*What you have to do*. Return only the lines below starting at the line containing "NOTE: The Velocity" and ending at the line containing "Set Tavolino e", both included, exactly as they are and with no pictures.

*Provided records*.
==============================
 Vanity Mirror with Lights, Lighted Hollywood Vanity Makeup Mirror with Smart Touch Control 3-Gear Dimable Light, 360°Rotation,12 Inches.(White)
==============================
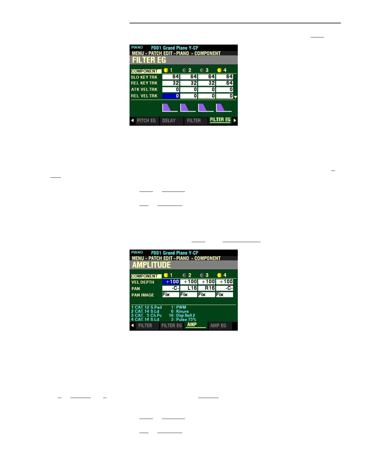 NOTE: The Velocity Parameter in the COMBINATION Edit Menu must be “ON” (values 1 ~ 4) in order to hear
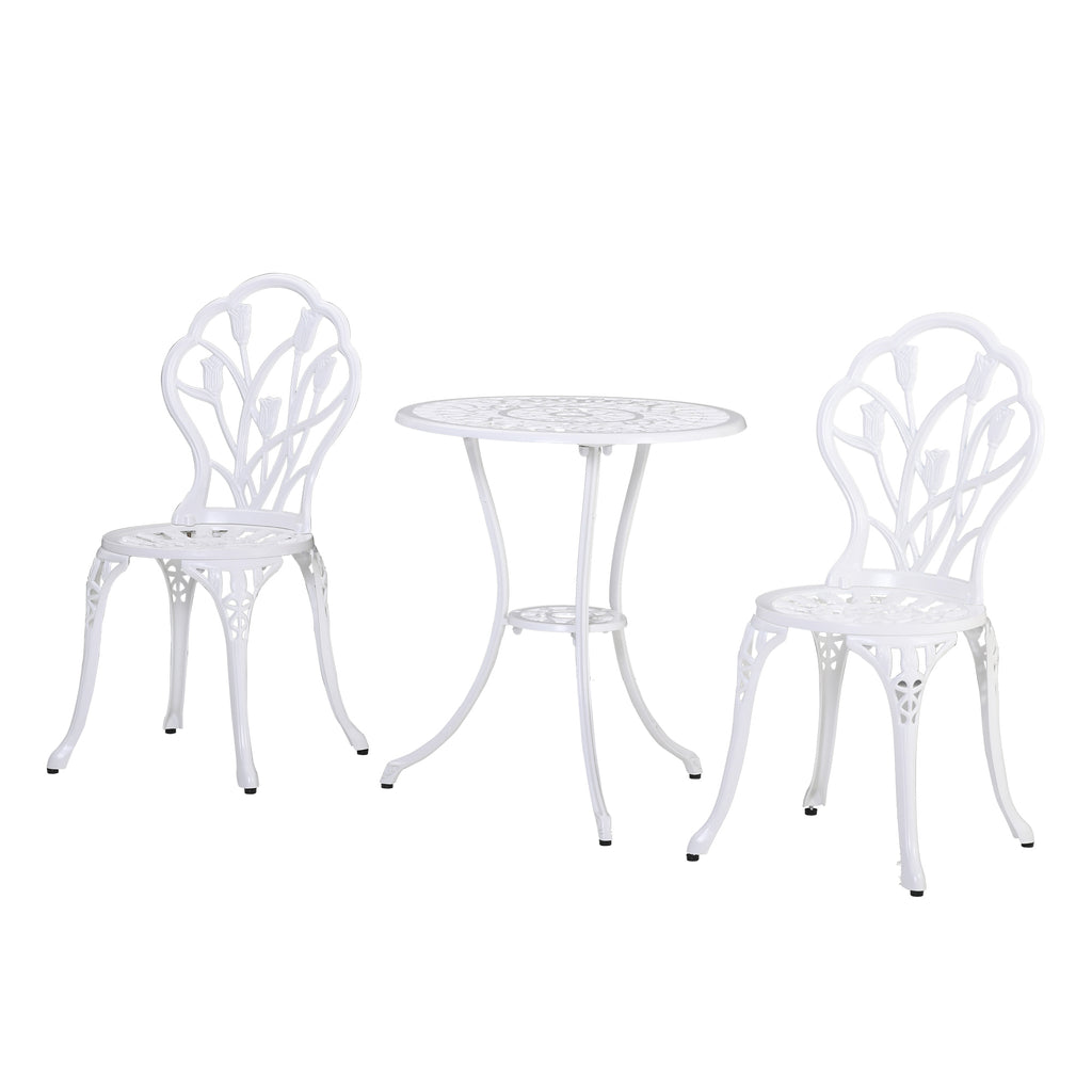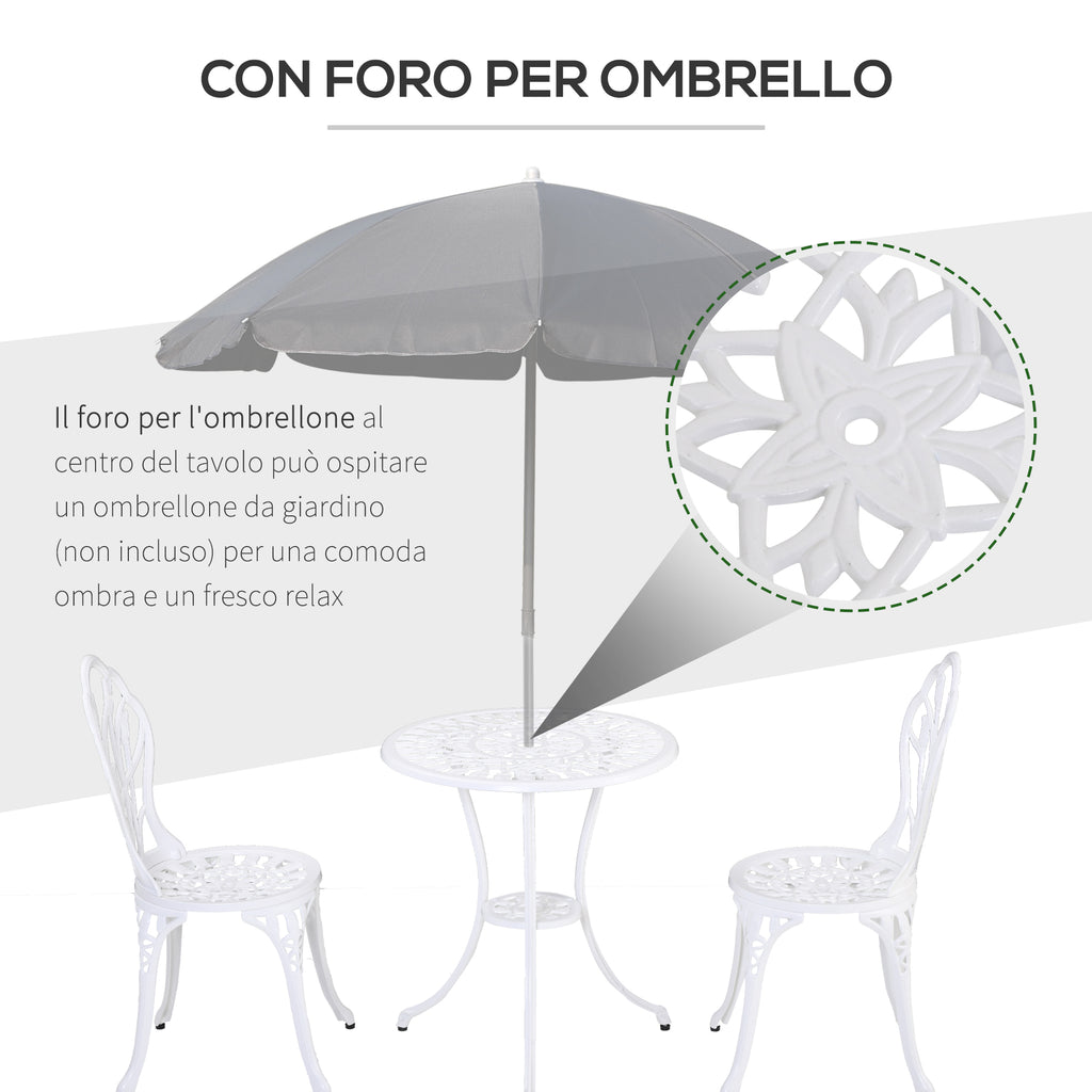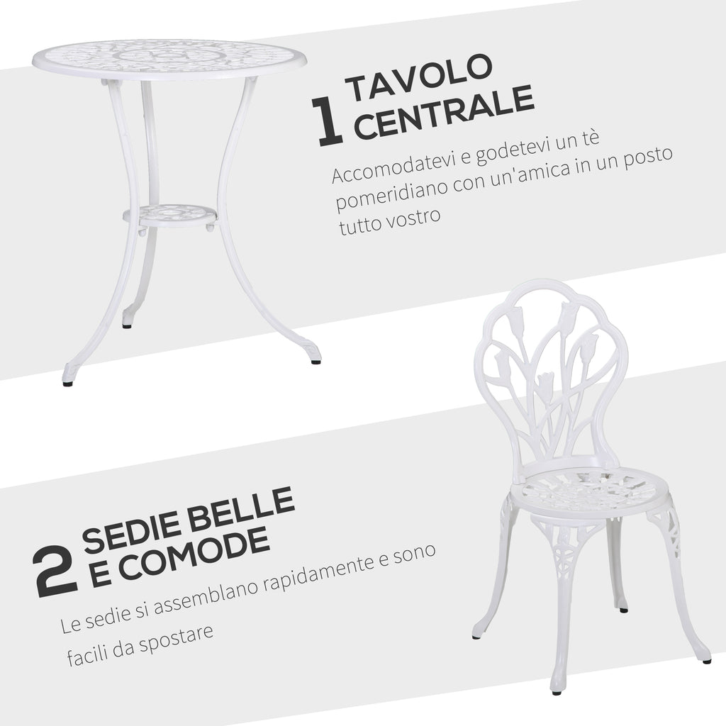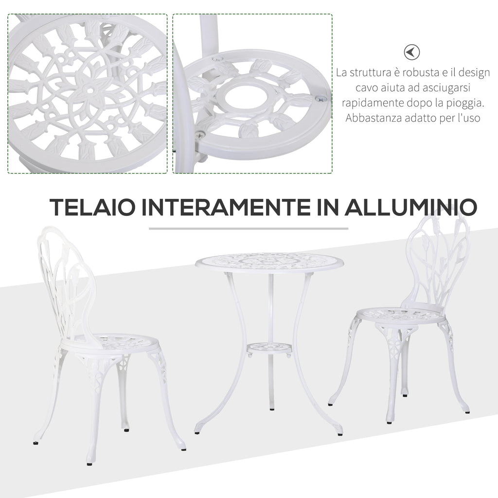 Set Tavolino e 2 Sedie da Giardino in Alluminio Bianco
==============================
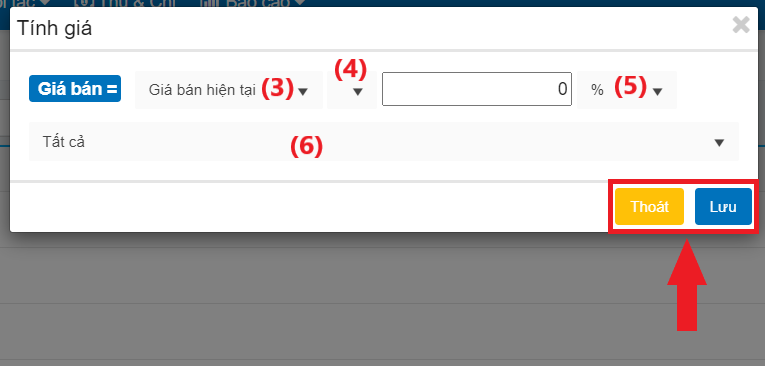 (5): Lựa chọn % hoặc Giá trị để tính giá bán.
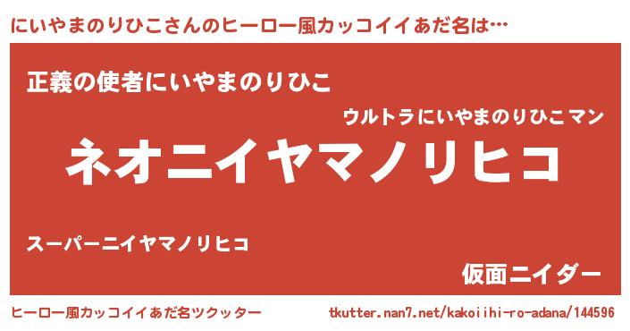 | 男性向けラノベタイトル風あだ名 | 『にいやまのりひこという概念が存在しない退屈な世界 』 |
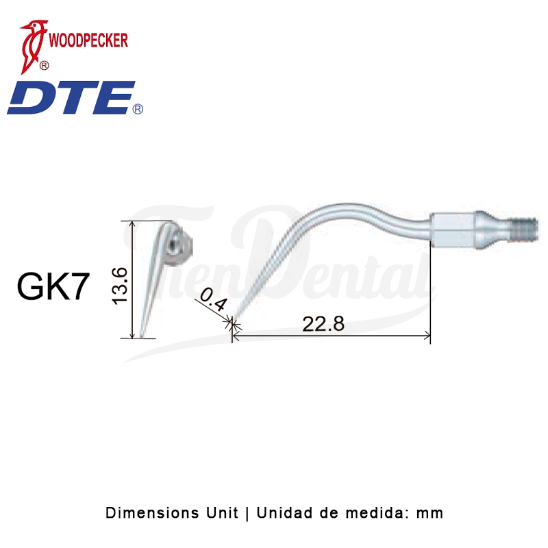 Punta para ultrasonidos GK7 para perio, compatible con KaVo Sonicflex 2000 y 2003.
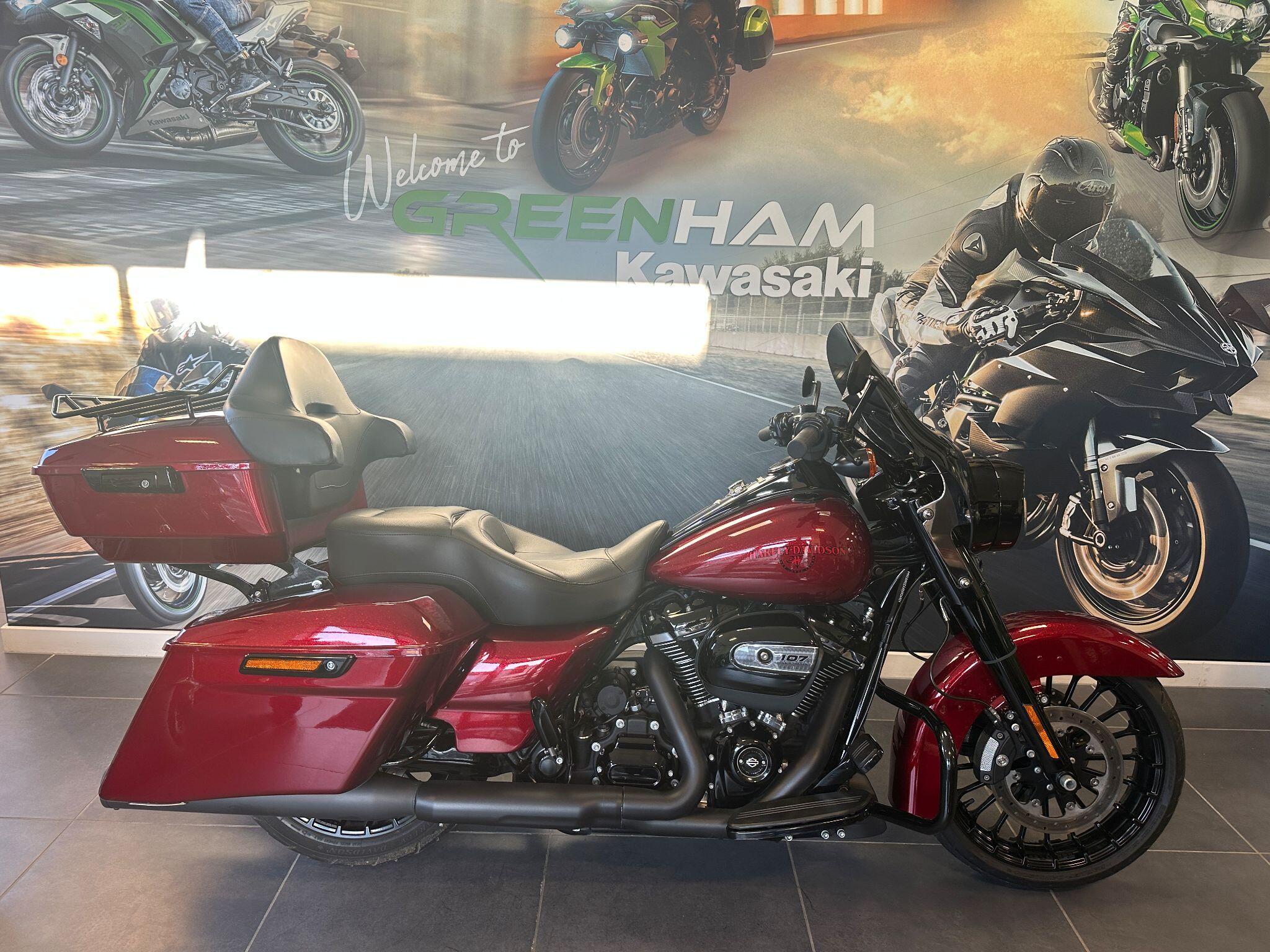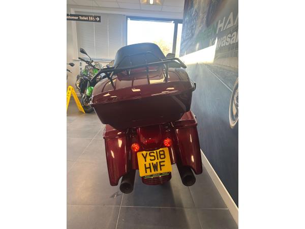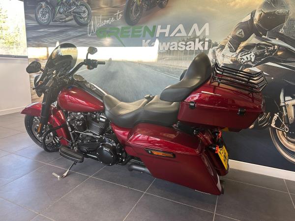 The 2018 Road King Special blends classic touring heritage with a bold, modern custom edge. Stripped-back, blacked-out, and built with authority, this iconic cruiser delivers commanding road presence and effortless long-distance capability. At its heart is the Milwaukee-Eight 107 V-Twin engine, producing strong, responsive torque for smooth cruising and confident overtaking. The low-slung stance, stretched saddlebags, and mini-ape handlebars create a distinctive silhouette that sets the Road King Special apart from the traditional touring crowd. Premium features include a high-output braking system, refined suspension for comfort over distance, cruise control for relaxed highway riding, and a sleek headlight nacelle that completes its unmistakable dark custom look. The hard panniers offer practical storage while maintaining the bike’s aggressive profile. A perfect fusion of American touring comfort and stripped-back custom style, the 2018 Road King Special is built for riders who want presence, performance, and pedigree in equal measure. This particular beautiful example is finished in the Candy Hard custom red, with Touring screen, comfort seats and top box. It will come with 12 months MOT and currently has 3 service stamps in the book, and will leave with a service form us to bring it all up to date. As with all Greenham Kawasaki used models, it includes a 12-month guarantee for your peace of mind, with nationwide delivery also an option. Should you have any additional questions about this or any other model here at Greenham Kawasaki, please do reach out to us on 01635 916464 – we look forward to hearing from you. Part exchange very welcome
==============================
*Result below*.
 NOTE: The Velocity Parameter in the COMBINATION Edit Menu must be “ON” (values 1 ~ 4) in order to hear
 Set Tavolino e 2 Sedie da Giardino in Alluminio Bianco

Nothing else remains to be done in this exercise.